高分辨红外辐射探测器地表温度数据在江苏地区1980—2009年间适用性评估

doi:10.18306/dlkxjz.2020.08.004

地理科学进展 ›› 2020, Vol. 39 ›› Issue (8): 1283-1295.doi: 10.18306/dlkxjz.2020.08.004

高分辨红外辐射探测器地表温度数据在江苏地区1980—2009年间适用性评估

史潇¹^,²^,³(), 王国杰³, 孙明², 李玉涛¹^,⁴, 王博妮¹^,², 沈婕⁵

1. 中国气象局交通气象重点开放实验室,南京 210008
2. 江苏省气象服务中心,南京 210008
3. 南京信息工程大学地理科学学院/气象灾害预报预警与评估协同创新中心,南京 210044
4. 江苏省气象信息中心,南京 210008
5. 南京师范大学虚拟地理环境教育部重点实验室,南京 210023

收稿日期:2019-06-25 修回日期:2019-11-22 出版日期:2020-08-28 发布日期:2020-10-28
作者简介:史潇(1989— ),女,江苏南京人,博士生,主要从事卫星遥感在陆表因子方面的应用研究。E-mail: 18801580429@163.com
基金资助:
江苏省气象局重点项目(KZ201902);江苏省气象局青年科研基金项目(KQ201907);江苏省气象局面上科研项目(KZ201906)

Evaluation of the long-term high-resolution infrared radiation sounder land surface temperature during 1980-2009 in Jiangsu Province, China

SHI Xiao¹^,²^,³(), WANG Guojie³, SUN Ming², LI Yvtao¹^,⁴, WANG Boni¹^,², SHEN Jie⁵

1. Key Laboratory of Transportation Meteorology, China Meteorological Administration, Nanjing 210008, China
2. Jiangsu Meteorological Bureau, Meteorological Services Center, Nanjing 210008, China
3. School of Geographical Sciences, Nanjing University of Information Science & Technology, Collabrative Innovation Center on Forecast and Evaluation of Meteorological Disasters, Nanjing 210044, China
4. Jiangsu Meteorological Bureau, Meteorological Information Center, Nanjing 210008, China
5. Key Laboratory of Virtual Geographic Environment (Nanjing Normal University), Ministry of Education, Nanjing 210023, China

Received:2019-06-25 Revised:2019-11-22 Online:2020-08-28 Published:2020-10-28
Supported by:
Key Project of Jiangsu Province Meteorological Bureau Foundation(KZ201902);Jiangsu Province Meteorological Bureau Foundation for the Youth(KQ201907);Jiangsu Province Meteorological Bureau General Foundation(KZ201906)

摘要/Abstract

摘要：

地表温度在物理和生物过程中起着关键作用,也是评价地表热环境的重要指标。因此,了解地表温度时空变化对城市热岛监测及生态质量的评价具有重要意义。高分辨红外辐射探测器地表温度(HIRS LST)是目前时间尺度最长的全球逐小时地温数据集。为了解江苏省地表温度的时空分布情况并研究HIRS LST数据在江苏的适用性,论文选择江苏省1980—2009年49个站点的实测地表温度数据,利用相关系数、偏差、非偏性均方根误差等方法,对HIRS产品从多角度进行了验证。结果表明,HIRS地表温度与站点地表温度数据有较好的一致性。两者相关系数在整个区域都高于0.98,2种数据的距平相关系数在0.65~0.80之间。两者偏差和非偏性均方根误差表明,HIRS的数据在江苏北部和南部部分地区低估了地表温度,主要原因是其对高于32 ℃的地温事件发生次数存在较大程度的低估。然而,HIRS LST在很大程度上高估了在20~30 ℃之间的较高温日数。在年际变化方面,HIRS LST与观测数据在春季的相关性最高,冬季最低。趋势检验表明,2种数据在春、秋、冬3个季节均呈现出明显的增长趋势,增温趋势呈现出相似的空间变化。但是,该地区夏季的地表温度长期趋势被明显高估,HIRS数据并未反映出该地区北部大面积的降温趋势,而在其他季节的地表温度被低估。

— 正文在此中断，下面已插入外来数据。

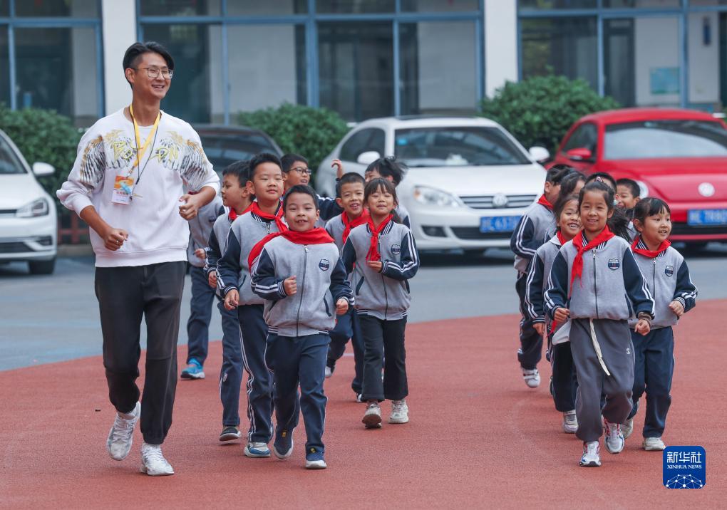11月8日,湖州市月河小學(xué)教育集團吉山校區的學(xué)生們在老師的帶領(lǐng)下進(jìn)行慢跑。

关键词: 地表温度, 遥感, HIRS, 卫星产品验证, 趋势分析, 江苏省

Abstract:

Surface temperature plays a key role in physical and biological processes on Earth, and it is an important index for evaluating surface thermal environment. Understanding the temporal and spatial variations of surface temperature is of great significance for urban heat island monitoring and ecological quality evaluation. Current land surface temperature products derived from satellite remote sensing suffer from partial coverage or cloud-cover blockage problems, which have potential limitations on the study of climate and ecological environment. The recently developed NOAA satellites High-Resolution Infrared Radiation Sounder (HIRS) land surface temperature (LST) product is among the longest LST records. To examine the spatiotemporal distribution of LST in Jiangsu Province and data performance of HIRS LST at different temporal scales, we evaluated the HIRS LST and in situ measurement correlation coefficient (R), bias, and unbiased root mean square difference (ubRMSD) using the daily, annual, and seasonal mean values, together with the long-term linear trend during 30 years in the province. Great consistency between the two products is observed. Their correlation coefficients are higher than 0.98 for all stations, and those for daily anomalies range from 0.65 to 0.80 across the region. The bias and the ubRMSD indicate that the HIRS data have generally underestimated the LST across the northern and some southern areas, mainly because of its large underestimation of the occurrences of temperature higher than 32 ℃. Nevertheless, the HIRS LST has largely overestimated the occurrences of summer days with temperature ranging from 20-30 ℃. As for the intraannual variations, the HIRS LST shows highest correlation with in situ measurements in the spring, but the correlation is lowest in the winter. Trend test shows that both sets of data show significant increasing trends with similar patterns in the spring, autumn, and winter. However, the long-term trends are significantly overestimated across the region in the summer, and underestimated in other seasons in the HIRS LST data.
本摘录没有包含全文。